I conclude by pointing out a crucial reason why JA in particular chose for John Thorpe to refer to Eleanor Tilney as “pretty cattle” as opposed to some other animal. Perhaps those of you of a scholarly bent who are already very familiar with the treatment of the picturesque in JA’s writing have guessed what I am about to point out, which is that Jane Austen’s most famous allusion to the picturesque theorizing of the giant of the field during her lifetime, Gilpin, just happens to involve actual “cattle”:
First, here is the famous passage in chapter 10 of Pride & Prejudice, in which JA invokes Gilpin:
Then taking the disengaged arm of Mr. Darcy, she left Elizabeth to walk by herself. The path just admitted three. Mr. Darcy felt their rudeness, and immediately said:
"This walk is not wide enough for our party. We had better go into the avenue."
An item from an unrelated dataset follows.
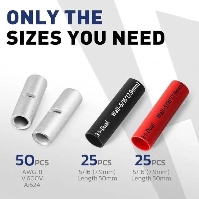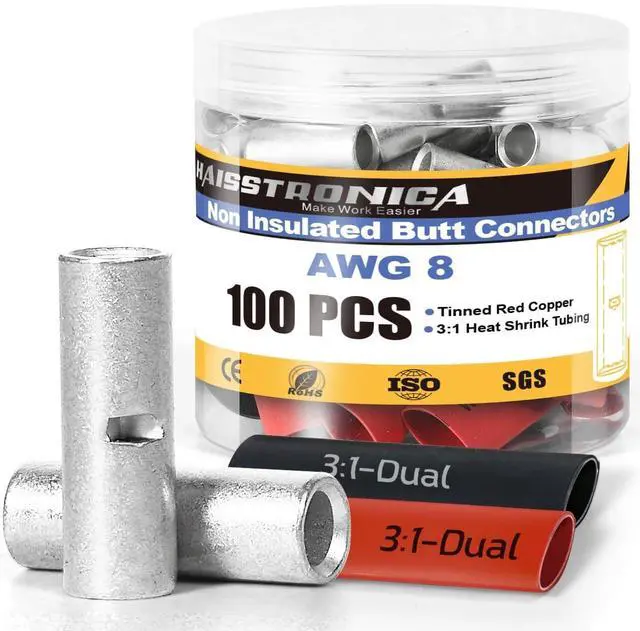 Complete Solution: 50pcs Non-Insulated butt connectors (AWG8) & 50pcs 3:1 heat shrink tubing (Red/Black, ) for automotive, marine, DIY and Industrial Applications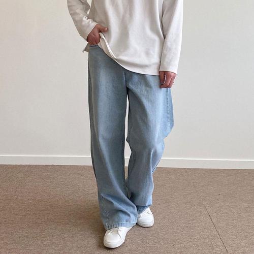 남자 베이직 연청 와이드 데님 팬츠 UJ-JEA-8013

But Elizabeth, who had not the least inclination to remain with them, laughingly answered: "No, no; stay where you are. You are charmingly grouped, and appear to uncommon advantage. The PICTURESQUE would be spoilt by admitting a FOURTH. Good-bye." She then ran gaily off…
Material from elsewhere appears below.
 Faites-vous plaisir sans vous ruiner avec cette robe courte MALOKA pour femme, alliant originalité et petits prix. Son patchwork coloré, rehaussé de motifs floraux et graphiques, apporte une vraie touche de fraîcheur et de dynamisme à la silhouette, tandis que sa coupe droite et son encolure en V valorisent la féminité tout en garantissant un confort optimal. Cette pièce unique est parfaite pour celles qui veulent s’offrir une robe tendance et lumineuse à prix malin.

And second, here is the passage to which, as dozens of Austen scholars have long since pointed out, Elizabeth is slyly pointing in William Gilpin’s Observations, Relative Chiefly to Picturesque Beauty, Made in the Year 1772: “Cattle are so large, that when they ornament a fore-ground, a few are sufficient. Two cows will hardly combine. Three make a good group-either united—or when one is a little removed from the other two. If you increase the group beyond three; one, or more, in proportion, must necessarily be a little detached. This detachment prevents heaviness, and adds VARIETY. It is the same principle applied to cattle, which we before applied to mountains and other objects.”
So, if you had any reservations about inferring that JA might have John Thorpe speak so crudely about Eleanor Tilney as “pretty cattle”, I hope that the above, virtually explicit allusion in P&P to two women and a man as cows or cattle lays those reservations to rest.